Statement
The derivative of $ \sin(x) $ is:
$$ \tfrac{d}{dx}\big(\sin(x)\big) = \cos(x) $$
Proof
Take the definition of the derivative:
$$ \tfrac{d}{dx}\big(\sin(x)\big) = \lim_{h \to 0} \left(\frac{\sin(x + h) - \sin(x)}{h}\right) $$
Use the angle sum formula for sine to expand $ \sin(x + h) $:
$$ \tfrac{d}{dx}\big(\sin(x)\big) = \lim_{h \to 0} \left(\frac{\sin(x)\cos(h) + \cos(x)\sin(h) - \sin(x)}{h}\right) $$
Factor out $ \sin(x) $.
$$ \tfrac{d}{dx}\big(\sin(x)\big) = \lim_{h \to 0} \left(\frac{\sin(x)\big(\cos(h) - 1\big) + \cos(x)\sin(h)}{h}\right) $$
Split the limit.
$$ \tfrac{d}{dx}\big(\sin(x)\big) = \lim_{h \to 0} \left(\frac{\sin(x)\big(\cos(h) - 1\big)}{h}\right) + \lim_{h \to 0} \left(\frac{\cos(x)\sin(h)}{h}\right) $$
Factor out all factors without $ h $.
$$ \tfrac{d}{dx}\big(\sin(x)\big) = \sin(x) \cdot \lim_{h \to 0} \left(\frac{\cos(h) - 1}{h}\right) + \cos(x) \cdot \lim_{h \to 0} \left(\frac{\sin(h)}{h}\right) $$
Evaluate these limits. Use that the second limit is equal to $ 1 $ and $ \cos(0) = 1 $.
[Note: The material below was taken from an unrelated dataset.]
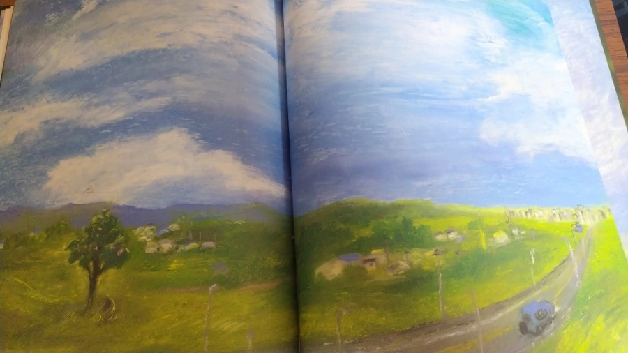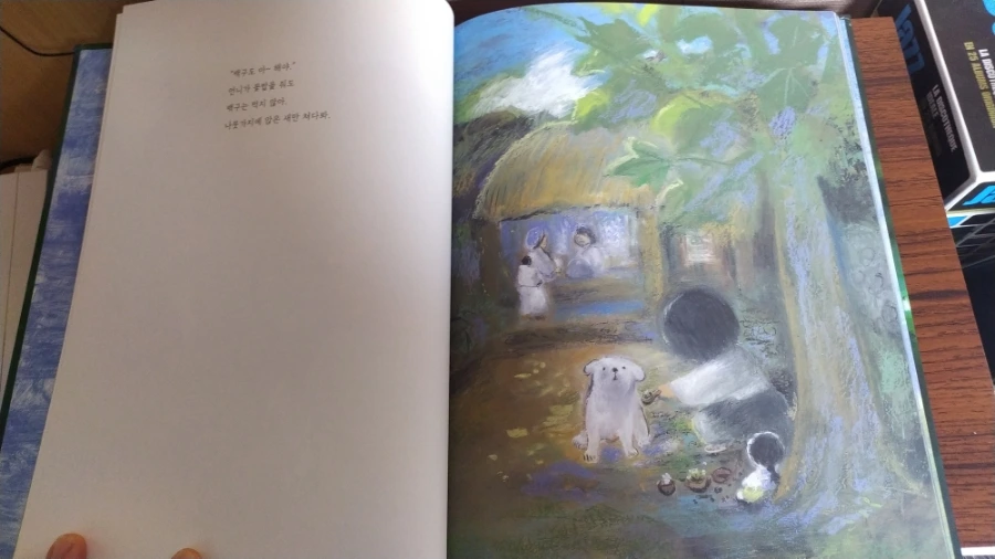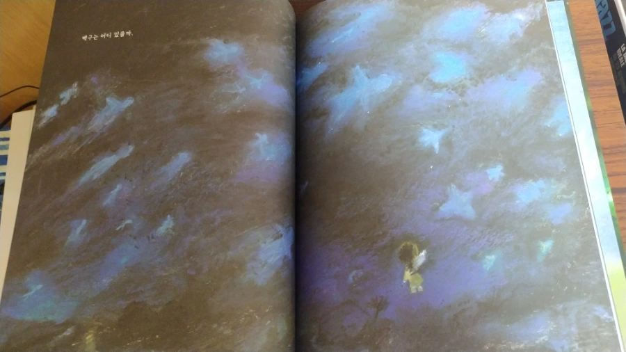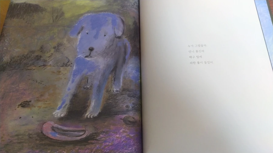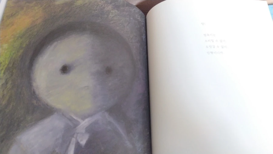 생생히 그려냈다. 오일 파스텔로 두텁게 터치한 그림체가 일견 거칠고 모호해 보이지만, 등장인물들의 표정을 읽는 데는 전혀 모자람이 없다. 철모를 눌러쓴 군인들의 총구 앞에 일렬로 선, 양손을 치켜든 마을 사람들과 어린아이들의 표정이 참극을 예고하는 것처럼 처절하고 애처롭다. 이들 한편에서 서성이는 백구 또한 꼬리를 잔뜩 내리고 기가 죽어있다. 마을 사람들은 빨갱이로 몰려 처형당했지만, 역설적으로 온몸에 파란 페인트를 칠하고 있다.

$$\begin{aligned}\tfrac{d}{dx}\big(\sin(x)\big) &= \sin(x) \cdot \lim_{h \to 0} \left(\frac{1 - 1}{h}\right) + \cos(x) \cdot 1 \newline&= \sin(x) \cdot 0 + \cos(x) \cdot 1 \newline&= \cos(x)\end{aligned}$$